特点：隐层单元与输入层之间不是全连接的，而是分成局部连接，如图5.

Convolution的应用：应用于RBMs和自编码器，得到convRBM、convAE， Time-Delay Neural Network (TDNN) ： exploits the time structure of the input by performing convolutions on overlapping windows。

3.8 Temporal coherence（时间连贯性）

3.9 Hidden Markov Model（HMM）

3.10. Summary

Temporal relation : 该模型是否可以捕获到时序关系

Memory : how many steps back in time an input have on the current frame （时间上的回溯长度）

Generative: indicates if the model is generative（该模型是否是生成模型）

判断model应该考虑的问题：

（1）使用生成模型还是判别模型？（ A generative model is preferred if the trained model should be used for synthesizing new data or prediction tasks where partial input data (data at t + 1) need to be reconstructed，如果是分类任务则选择discriminative model足矣）

（2）数据属性为何种？

（3）输入大小为多大？

if the data has a temporal structure it is not recommended to treat the input data as a feature vector since this will discard the temporal information.

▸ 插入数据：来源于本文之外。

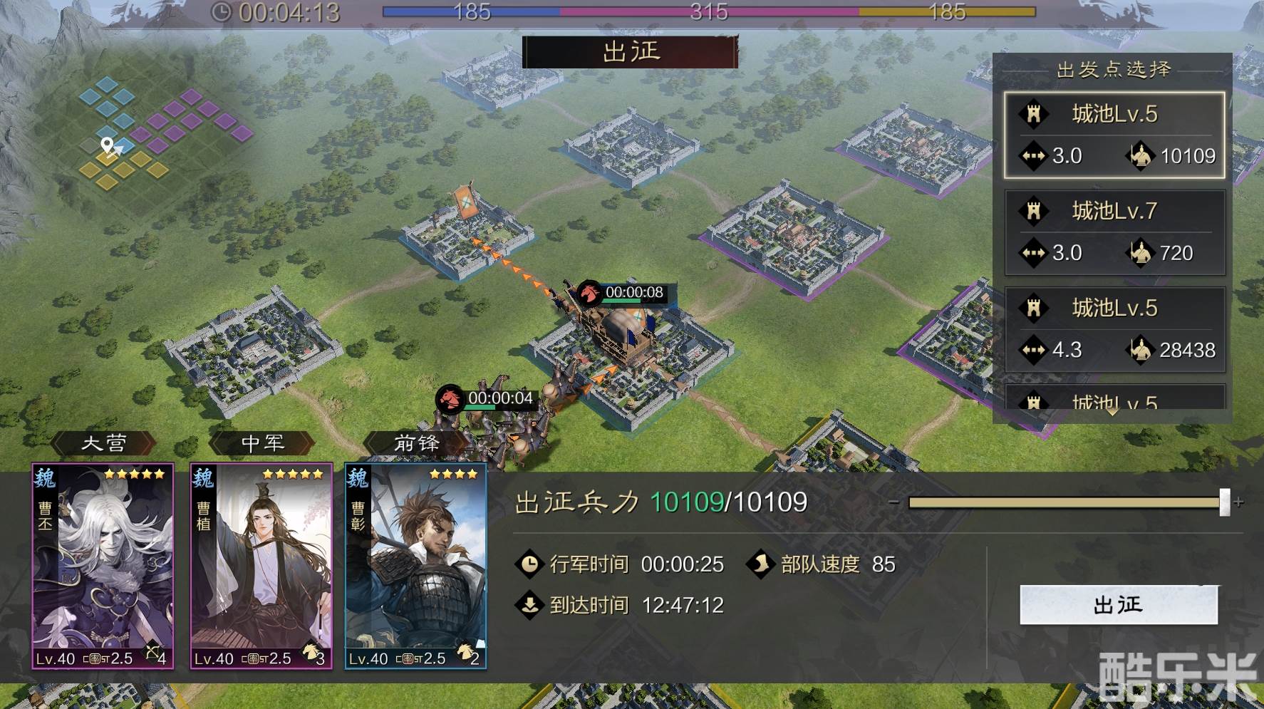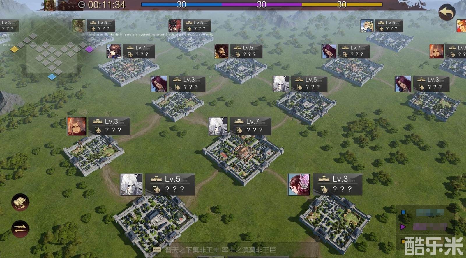 点兵连城中,三名主公将在分布着许多由官道相连的城池的山谷中进行攻伐。在限定的游戏时间内,主公们需要分配兵力,出兵占城。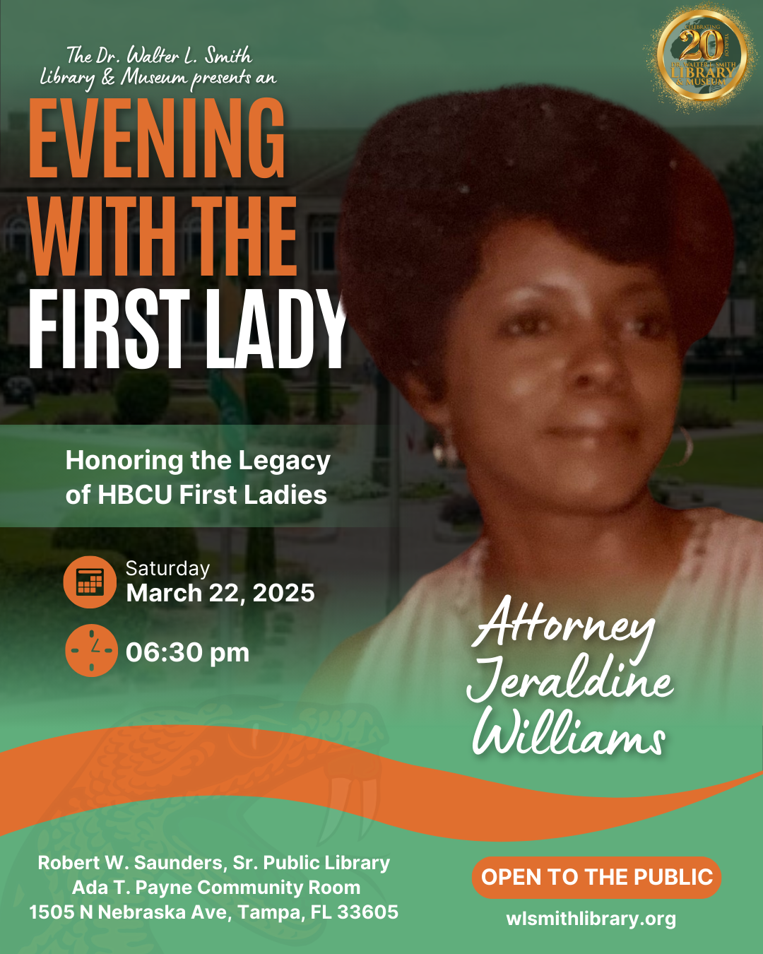For Women’s History Month, we are hosting an intimate and powerful event honoring the untold stories of HBCU First Ladies. This year, we highlight the remarkable legacy of Former First Lady of Florida A&M University, Attorney Jeraldine Williams, ex-wife of the late Dr. Walter L. Smith, former FAMU President. While HBCU presidents are often celebrated, the impact, leadership, and influence of their First Ladies remain largely unspoken.

4. Classical time-series problems

4.1 Videos

Video data are series of images over time (spatio-temporal data) and can
therefore be viewed as high-dimensional time-series data.(视频数据是随时间变化的一系列图像(时空数据)，因此可以视为高维时间序列数据)

深度学习、特征学习和池函数卷积的使用推动了视频处理的发展，由于深度学习已经被证明在静态图像上构建有用特征是很成功的，因此对视频流进行建模是其算法的自然延续。

存在的问题：time-dependency 只能在a few frames 之间建模

展望：to look at models that can learn longer time-dependencies

4.2 Stock market prediction

Stock market data 特点： nonlinear, uncertain, non-stationary

Effcient Market Hypothesis (EMH) 有效市场假设

a random walk pattern、the same probability to go up and go down( 导致：predictions can not have more than 50% accuracy)

4.3. Speech recognition

The raw input data is single channel and highly time and frequency dependent.

子问题：speaker identification、 gender identification、 speech-to-text、 acoustic modeling

主要方法： Hidden Markov Models（HMMs）、RBM、Time-Delay Neural Network (TDNN)（1989）、 deep Long Short-term Memory Recurrent Neural Network（LSTM，2013）

4.4. Music recognition

The motivation for using deep networks is that music itself is structured hierarchically by a combination of chords, melodies and rhythms that creates motives, phrases, sections and finally entire pieces .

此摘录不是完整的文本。